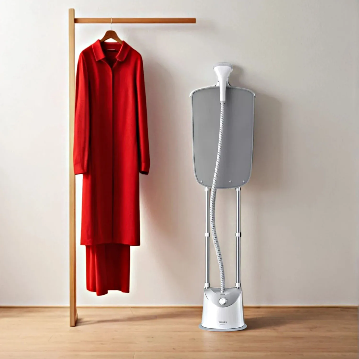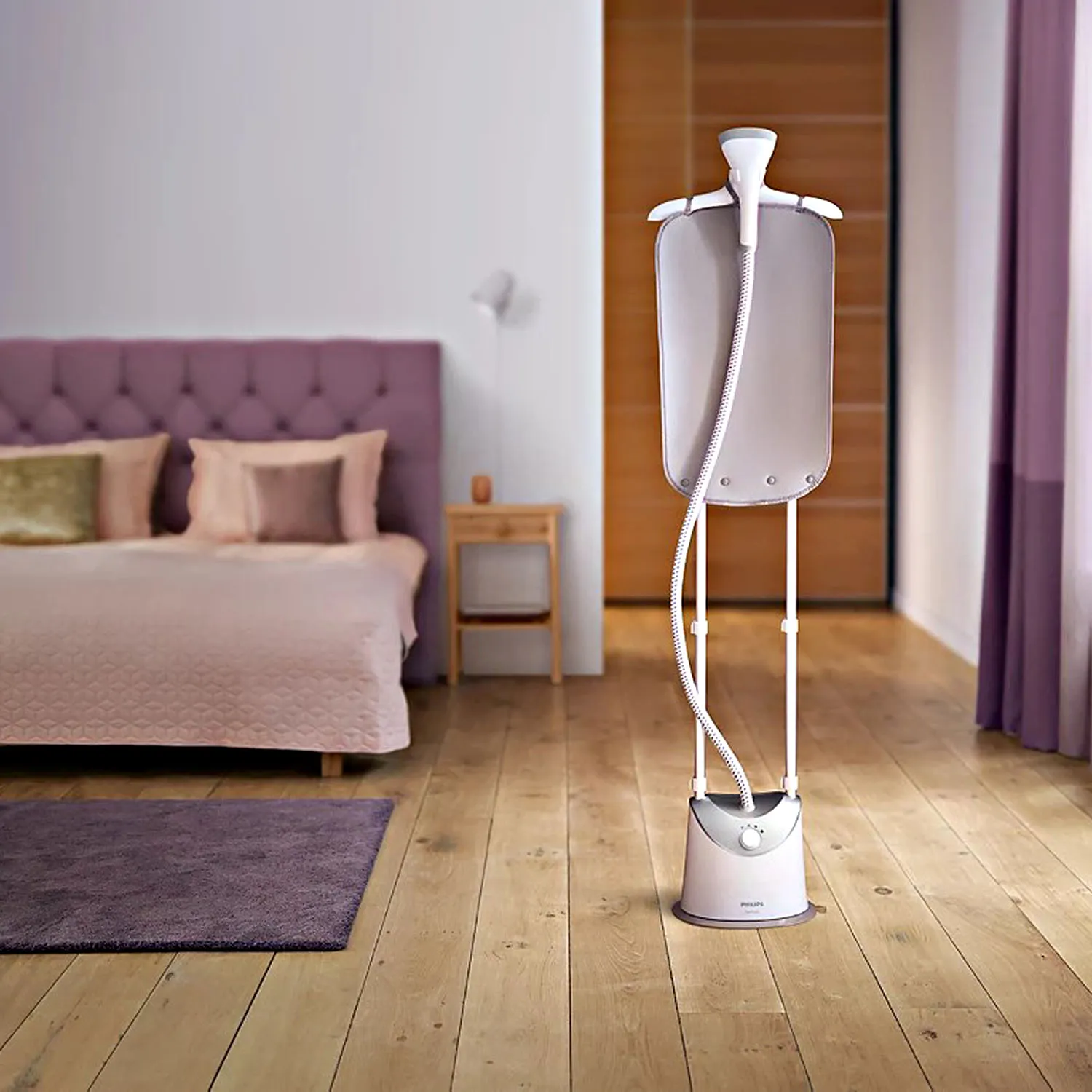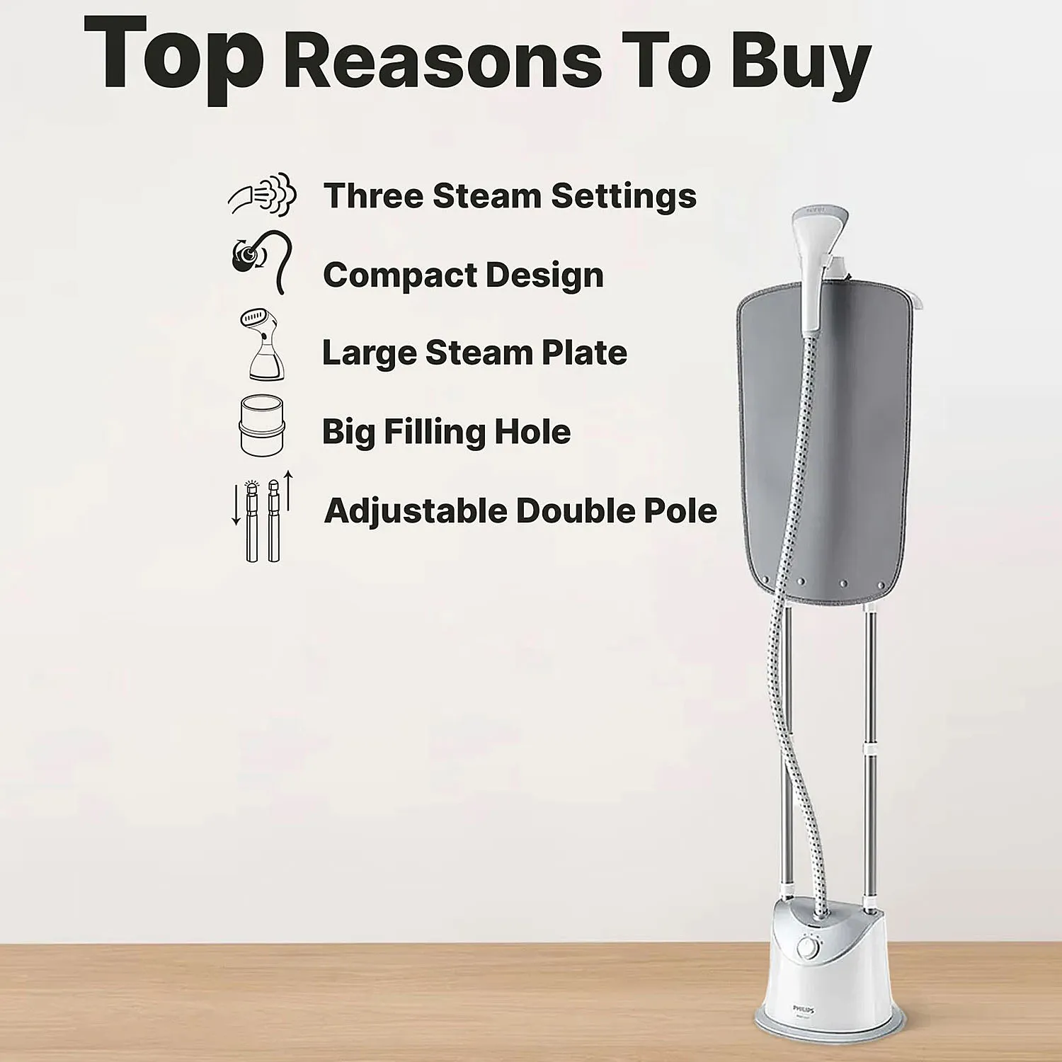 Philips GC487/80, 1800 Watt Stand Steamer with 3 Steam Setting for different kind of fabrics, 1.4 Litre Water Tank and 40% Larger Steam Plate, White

########

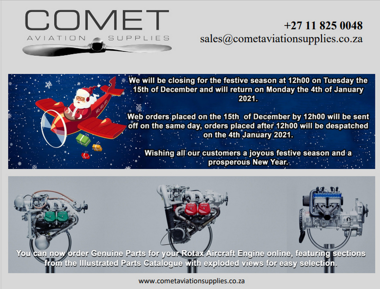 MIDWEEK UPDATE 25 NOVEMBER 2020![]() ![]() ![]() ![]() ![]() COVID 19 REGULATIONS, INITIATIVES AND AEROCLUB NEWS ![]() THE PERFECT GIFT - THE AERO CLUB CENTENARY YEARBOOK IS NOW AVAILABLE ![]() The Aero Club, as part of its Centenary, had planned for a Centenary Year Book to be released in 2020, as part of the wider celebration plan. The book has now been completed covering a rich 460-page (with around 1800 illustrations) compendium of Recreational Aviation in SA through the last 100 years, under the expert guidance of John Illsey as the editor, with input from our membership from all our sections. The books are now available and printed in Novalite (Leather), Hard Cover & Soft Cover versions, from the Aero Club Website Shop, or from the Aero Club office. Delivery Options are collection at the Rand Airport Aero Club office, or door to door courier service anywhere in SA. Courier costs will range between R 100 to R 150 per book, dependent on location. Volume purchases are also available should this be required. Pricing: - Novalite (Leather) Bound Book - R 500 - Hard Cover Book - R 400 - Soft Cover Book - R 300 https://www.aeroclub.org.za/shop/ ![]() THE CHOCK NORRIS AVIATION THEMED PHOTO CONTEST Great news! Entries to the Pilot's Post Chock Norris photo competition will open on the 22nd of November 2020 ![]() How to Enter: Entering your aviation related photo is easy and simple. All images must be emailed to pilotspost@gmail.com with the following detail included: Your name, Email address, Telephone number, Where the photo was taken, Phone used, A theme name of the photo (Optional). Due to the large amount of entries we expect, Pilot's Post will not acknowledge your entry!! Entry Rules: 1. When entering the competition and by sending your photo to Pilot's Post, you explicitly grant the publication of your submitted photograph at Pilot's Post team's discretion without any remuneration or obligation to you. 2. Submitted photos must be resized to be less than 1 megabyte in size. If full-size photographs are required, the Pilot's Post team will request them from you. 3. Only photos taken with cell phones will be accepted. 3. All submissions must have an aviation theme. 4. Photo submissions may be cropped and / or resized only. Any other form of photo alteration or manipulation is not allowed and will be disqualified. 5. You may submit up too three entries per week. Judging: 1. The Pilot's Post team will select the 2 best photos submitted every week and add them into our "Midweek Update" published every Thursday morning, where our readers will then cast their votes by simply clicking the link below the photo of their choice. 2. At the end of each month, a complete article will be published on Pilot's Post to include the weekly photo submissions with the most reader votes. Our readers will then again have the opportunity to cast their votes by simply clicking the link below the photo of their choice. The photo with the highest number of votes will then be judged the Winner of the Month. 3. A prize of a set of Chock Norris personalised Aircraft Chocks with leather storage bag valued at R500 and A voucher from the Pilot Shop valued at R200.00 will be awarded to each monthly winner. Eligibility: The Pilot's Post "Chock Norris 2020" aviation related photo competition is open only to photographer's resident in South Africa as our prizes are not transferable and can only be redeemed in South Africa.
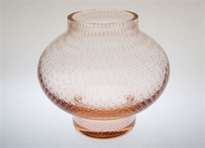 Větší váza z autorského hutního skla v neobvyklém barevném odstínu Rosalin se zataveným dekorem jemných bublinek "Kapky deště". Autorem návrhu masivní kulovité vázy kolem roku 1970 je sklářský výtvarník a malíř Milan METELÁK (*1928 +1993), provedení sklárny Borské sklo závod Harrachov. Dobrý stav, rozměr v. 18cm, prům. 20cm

########

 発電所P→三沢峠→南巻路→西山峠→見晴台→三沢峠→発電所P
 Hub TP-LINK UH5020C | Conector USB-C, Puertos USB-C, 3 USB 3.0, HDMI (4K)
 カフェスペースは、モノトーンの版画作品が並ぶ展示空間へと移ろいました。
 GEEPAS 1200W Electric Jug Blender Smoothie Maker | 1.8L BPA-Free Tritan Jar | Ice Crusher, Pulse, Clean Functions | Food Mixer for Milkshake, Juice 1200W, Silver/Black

########

--- Exercise ---
Retype only this portion of the data above: the line containing "カフェスペースは、モノトーンの版画作品が並ぶ展示空間へと移ろいました。", the line containing "GEEPAS 1200W Electric", and all lines between them, exactly.

--- Your solution ---
 カフェスペースは、モノトーンの版画作品が並ぶ展示空間へと移ろいました。
 GEEPAS 1200W Electric Jug Blender Smoothie Maker | 1.8L BPA-Free Tritan Jar | Ice Crusher, Pulse, Clean Functions | Food Mixer for Milkshake, Juice 1200W, Silver/Black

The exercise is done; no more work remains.